Single 0.1 mg/kg intravenous (IV), intramuscular (IM) and subcutaneous (SC) doses of CD377 afford equivalent protection in mice dosed 2 hours post infection.

ANTIVIRAL CONJUGATES (AVCs) FOR INFLUENZA TREATMENT: CD377 and CD388

There are currently four drugs recommended by the CDC for treating influenza. All have one or more of the following limitations:

Short half-life and limited efficacy window

Susceptibility to resistance

Multi-dose regimens

Limited routes of administration

Cidara’s flu AVCs for flu treatment are designed to disrupt the current standard of care. The targeting domains of flu AVCs are potent small molecule antivirals that bind to a highly conserved target on the cell surface of all influenza viral strains which is essential for viral proliferation.
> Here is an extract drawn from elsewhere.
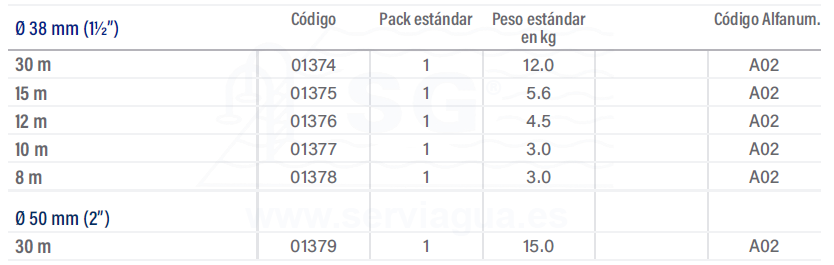 Fabricada en polietileno de color azul. Incluye terminales, excepto en la manguera de 30 m

With this mechanism, AVCs have the potential for fast-acting universal coverage of influenza A and B, including all major clinically characterized drug-resistant strains.

Cidara is conducting IND-enabling studies in order to begin Phase 1 clinical trials in its influenza program.

Preclinical studies demonstrate:

Lower resistance

CD377 demonstrated a lower resistance potential compared to approved influenza treatments, baloxavir and oseltamivir, against a pandemic strain of influenza.

REFERENCE: CD377, a Novel Antiviral Fc-Conjugate, Demonstrates a Lower Resistance Potential than Baloxavir and Oseltamivir against Pandemic Influenza A/H1N1 [ECCMID 2020 Abstract 5707]

Serial Passage (MOI 0.01)

Improved efficacy window

CD377 extends the treatment window, demonstrating improved efficacy with a single dose three days post-infection compared to multiple doses of oseltamivir starting at three days post-infection in a lethal influenza mouse model.

Rapid onset of efficacy

A single dose of CD377 is immediately elevated in both plasma and epithelial lining fluid (ELF) of the respiratory tract in mice.